Fred Van Buren was 91 when he passed away on 6 March this year, Connie having predeceased him in 2020. 





 

Tuesday, 27 February 2024

Philip Astley Centre opens in Newcastle-under-Lyme to celebrate the Father of the Circus.


More than 250 years ago, Philip Astley invented the circus as we know it today. Two and a half centuries later, on 9 March, a Philip Astley Centre opened in his hometown of Newcastle-under-Lyme to celebrate his legacy as the original greatest showman.

Giving new life to a formerly derelict shop, the Staffordshire visitor centre will host exhibitions, talks and circus workshops.

Astley was born in the town in 1742 and fought in the Seven Years War before using his equestrian skill to establish the first circus ring, in London in 1768.

The 42-ft diameter circle in which he performed tricks on horseback became the standard size of a circus ring throughout the world to this day.
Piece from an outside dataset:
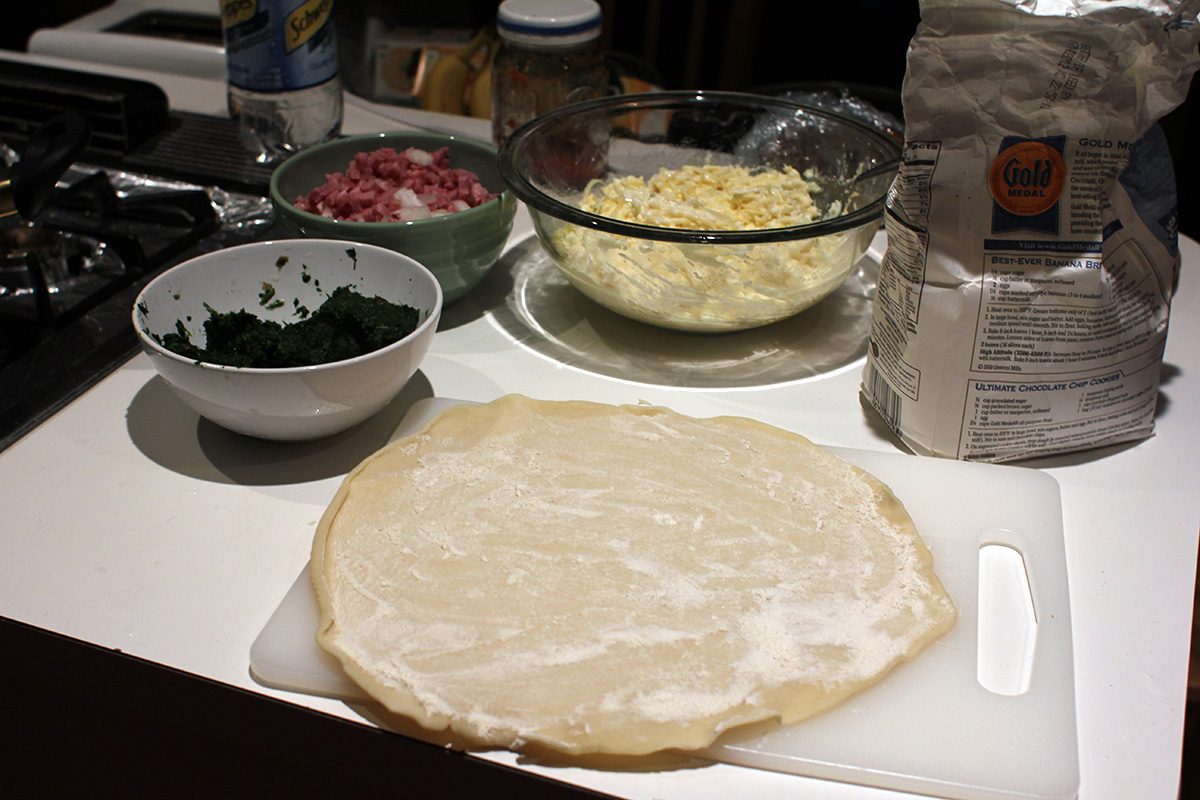 i began making my spinach ricotta quiche around 7pm. i had this recipe in mind since last week, but i had some frozen food i ended up eating instead. all the ingredients were already in the fridge, i just needed to make it.

He also added acrobats, strongmen, clowns and novelty acts to his equestrian displays to create the variety show nature of a traditional circus show.

The Philip Astley Centre is the brainchild of magician Andrew Van Buren, who described it as "a necessary and long awaited addition to the town infrastructure, providing a chance for visitors to learn about and experience the Astley legacy through access to exhibitions, archives, and related physical skills."

For more information, visit www.philipastley.org.uk






 

Sunday, 18 February 2024

Cirque du Soleil breaks world records in London


Setting world records has long been a way for circuses to gain publicity, whether it was the Chinese State Circus balancing the most performers on a bike or the Circus of Horrors suspending the most people over the Thames in a 'human mobile'.

Cirque du Soleil took time out from its current run at the Royal Albert Hall to clock up two new entries into Guinness World of Records.

The UK's Lucie Colebeck, above left, set a new record for 36 back handsprings on a trampoline in 30 seconds.

In the show, she normally does five in a row. Doing so many continuously "felt like flying," she said.

Mongolia's Oyun-Erdene Senge beat her previous record of 21 with 24 contortion roll push-ups in 30 seconds.

What's a contortion roll push-up? First you get yourself into the position in the picture, above right, then you do push-ups!

Easy, right? Well, it is for Senge who said, "I've been doing these push-ups since I was six-years-old. It's part of my daily life."

Cirque du Soleil's show Algeria is at the Royal Albert Hall until 3 March.